═══ Supplied records ═══

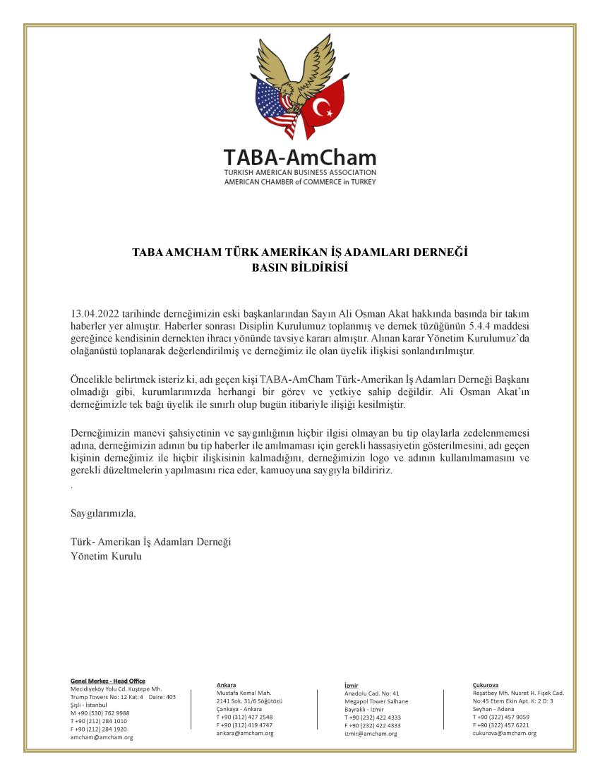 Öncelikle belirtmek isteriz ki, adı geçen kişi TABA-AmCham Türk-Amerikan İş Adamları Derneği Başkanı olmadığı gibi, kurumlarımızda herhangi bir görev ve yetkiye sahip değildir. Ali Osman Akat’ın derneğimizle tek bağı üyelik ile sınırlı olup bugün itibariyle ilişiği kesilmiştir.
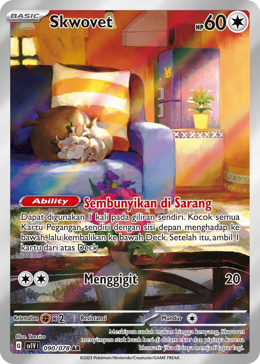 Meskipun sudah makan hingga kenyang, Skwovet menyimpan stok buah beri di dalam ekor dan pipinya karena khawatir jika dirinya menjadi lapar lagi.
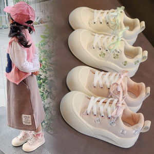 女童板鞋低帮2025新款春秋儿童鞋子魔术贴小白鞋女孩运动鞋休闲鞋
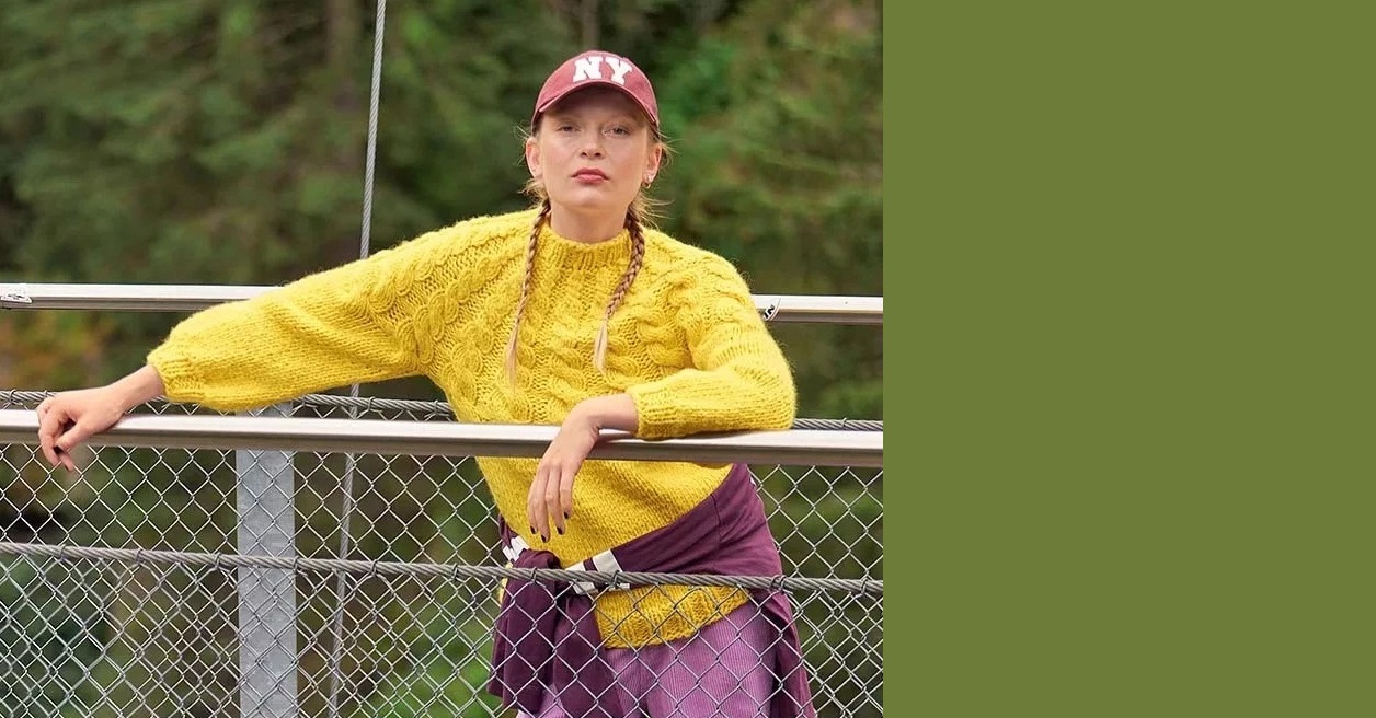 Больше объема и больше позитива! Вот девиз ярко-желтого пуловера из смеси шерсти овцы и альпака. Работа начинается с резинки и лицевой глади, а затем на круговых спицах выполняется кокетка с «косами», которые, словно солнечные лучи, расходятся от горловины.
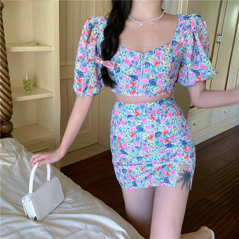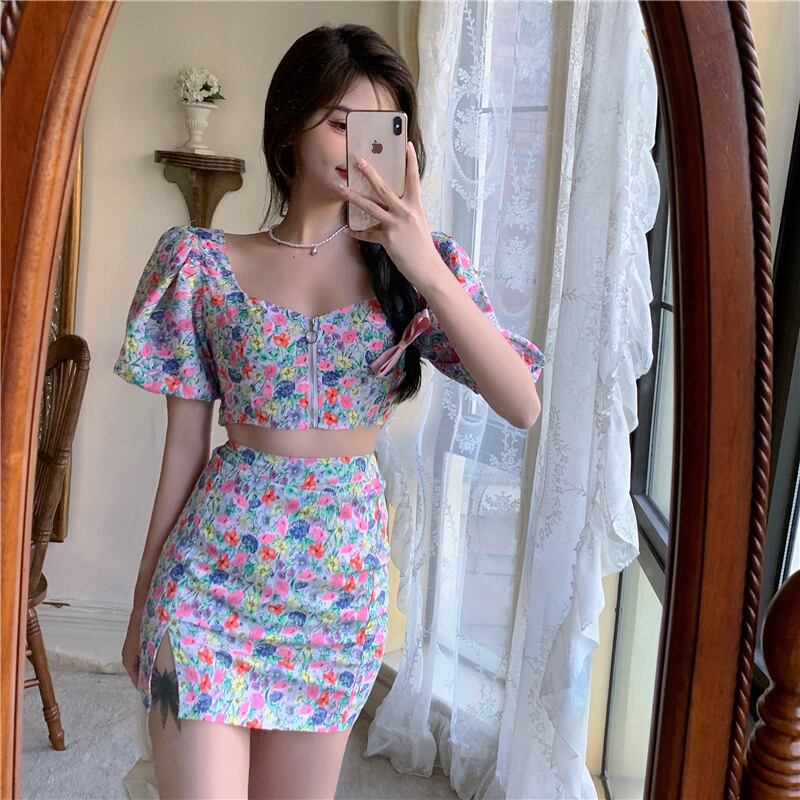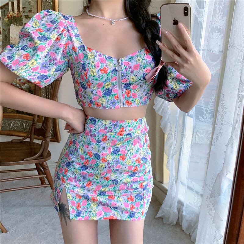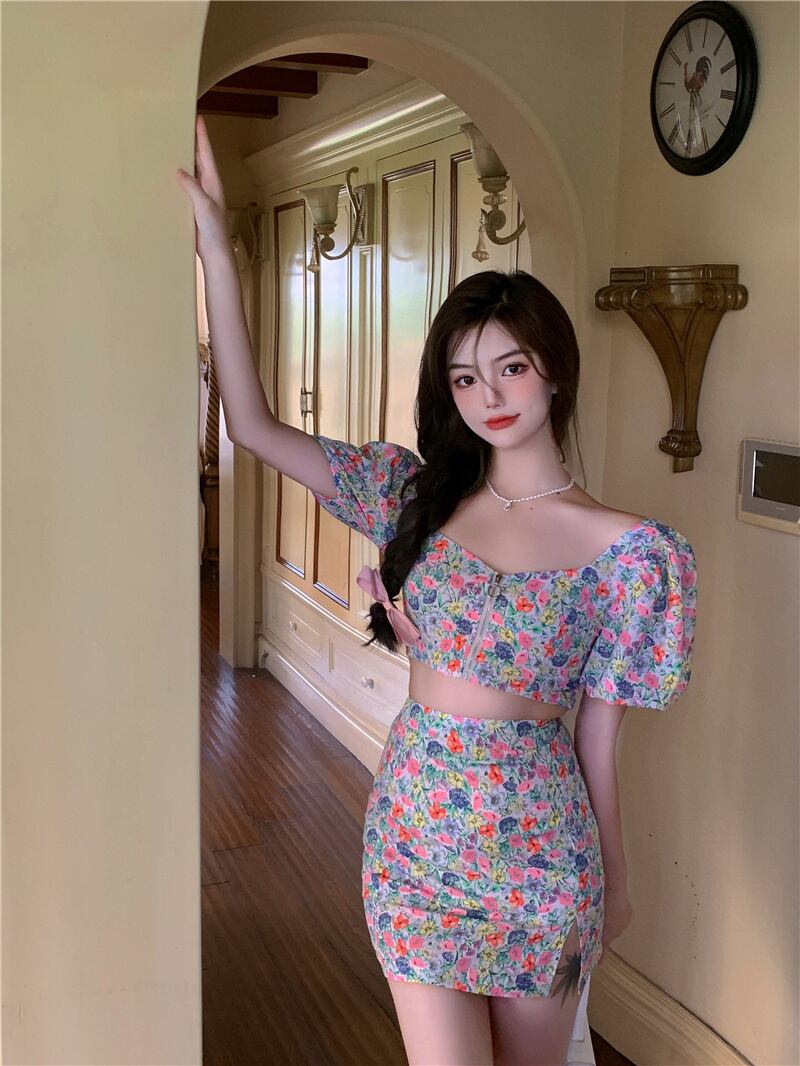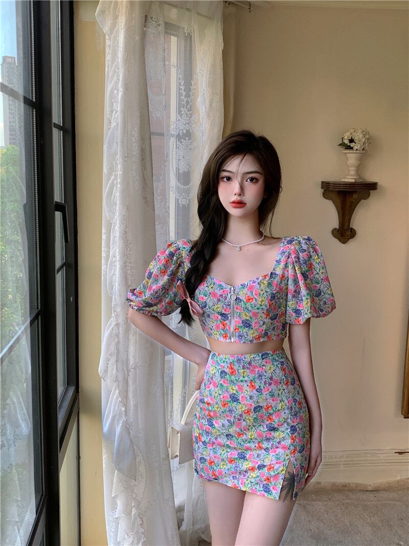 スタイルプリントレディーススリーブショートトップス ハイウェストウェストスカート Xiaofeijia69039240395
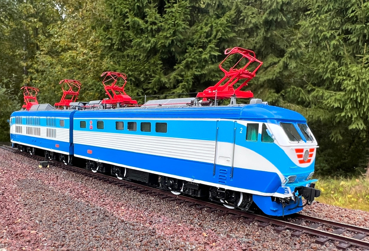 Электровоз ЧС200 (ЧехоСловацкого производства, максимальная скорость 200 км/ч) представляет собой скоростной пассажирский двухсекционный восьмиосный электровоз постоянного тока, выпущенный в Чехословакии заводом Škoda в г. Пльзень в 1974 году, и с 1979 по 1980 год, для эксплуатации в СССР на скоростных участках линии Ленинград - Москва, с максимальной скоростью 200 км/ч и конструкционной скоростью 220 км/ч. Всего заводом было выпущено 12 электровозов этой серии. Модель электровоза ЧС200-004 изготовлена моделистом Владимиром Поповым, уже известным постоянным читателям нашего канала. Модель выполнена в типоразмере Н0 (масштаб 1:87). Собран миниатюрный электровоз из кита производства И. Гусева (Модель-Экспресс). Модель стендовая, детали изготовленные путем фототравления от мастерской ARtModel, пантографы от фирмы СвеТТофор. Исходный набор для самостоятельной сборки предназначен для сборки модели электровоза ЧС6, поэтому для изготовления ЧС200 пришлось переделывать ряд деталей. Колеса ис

═══

For this exercise, reproduce exactly the lines of the records above from the one with "Meskipun sudah makan" up to and including the one with "スタイルプリントレディーススリーブショートトップス ハイウェストウェストスカート Xiaofeijia69039240395", without pictures.

 Meskipun sudah makan hingga kenyang, Skwovet menyimpan stok buah beri di dalam ekor dan pipinya karena khawatir jika dirinya menjadi lapar lagi.
 女童板鞋低帮2025新款春秋儿童鞋子魔术贴小白鞋女孩运动鞋休闲鞋
 Больше объема и больше позитива! Вот девиз ярко-желтого пуловера из смеси шерсти овцы и альпака. Работа начинается с резинки и лицевой глади, а затем на круговых спицах выполняется кокетка с «косами», которые, словно солнечные лучи, расходятся от горловины.
 スタイルプリントレディーススリーブショートトップス ハイウェストウェストスカート Xiaofeijia69039240395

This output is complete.